Every line of the material must be given again verbatim. Skip the images.

STORED DATA —
---+---

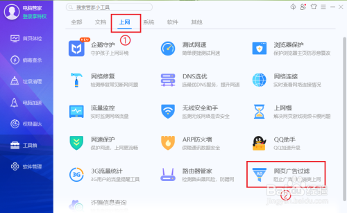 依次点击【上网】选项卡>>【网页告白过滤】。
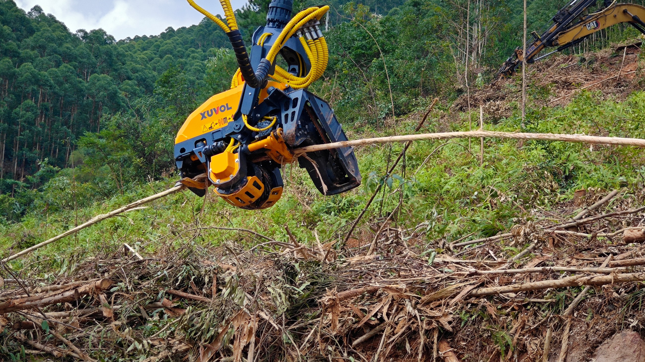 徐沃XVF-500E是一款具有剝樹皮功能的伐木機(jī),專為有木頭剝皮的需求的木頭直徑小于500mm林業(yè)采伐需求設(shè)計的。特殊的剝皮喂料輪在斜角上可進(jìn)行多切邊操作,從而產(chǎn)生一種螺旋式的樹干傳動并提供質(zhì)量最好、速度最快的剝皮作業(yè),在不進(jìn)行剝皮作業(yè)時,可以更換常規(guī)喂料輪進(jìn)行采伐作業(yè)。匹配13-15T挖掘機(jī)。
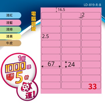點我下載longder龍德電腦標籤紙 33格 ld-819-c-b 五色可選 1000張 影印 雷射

---+---

ANSWER BELOW —
 依次点击【上网】选项卡>>【网页告白过滤】。
 徐沃XVF-500E是一款具有剝樹皮功能的伐木機(jī),專為有木頭剝皮的需求的木頭直徑小于500mm林業(yè)采伐需求設(shè)計的。特殊的剝皮喂料輪在斜角上可進(jìn)行多切邊操作,從而產(chǎn)生一種螺旋式的樹干傳動并提供質(zhì)量最好、速度最快的剝皮作業(yè),在不進(jìn)行剝皮作業(yè)時,可以更換常規(guī)喂料輪進(jìn)行采伐作業(yè)。匹配13-15T挖掘機(jī)。
點我下載longder龍德電腦標籤紙 33格 ld-819-c-b 五色可選 1000張 影印 雷射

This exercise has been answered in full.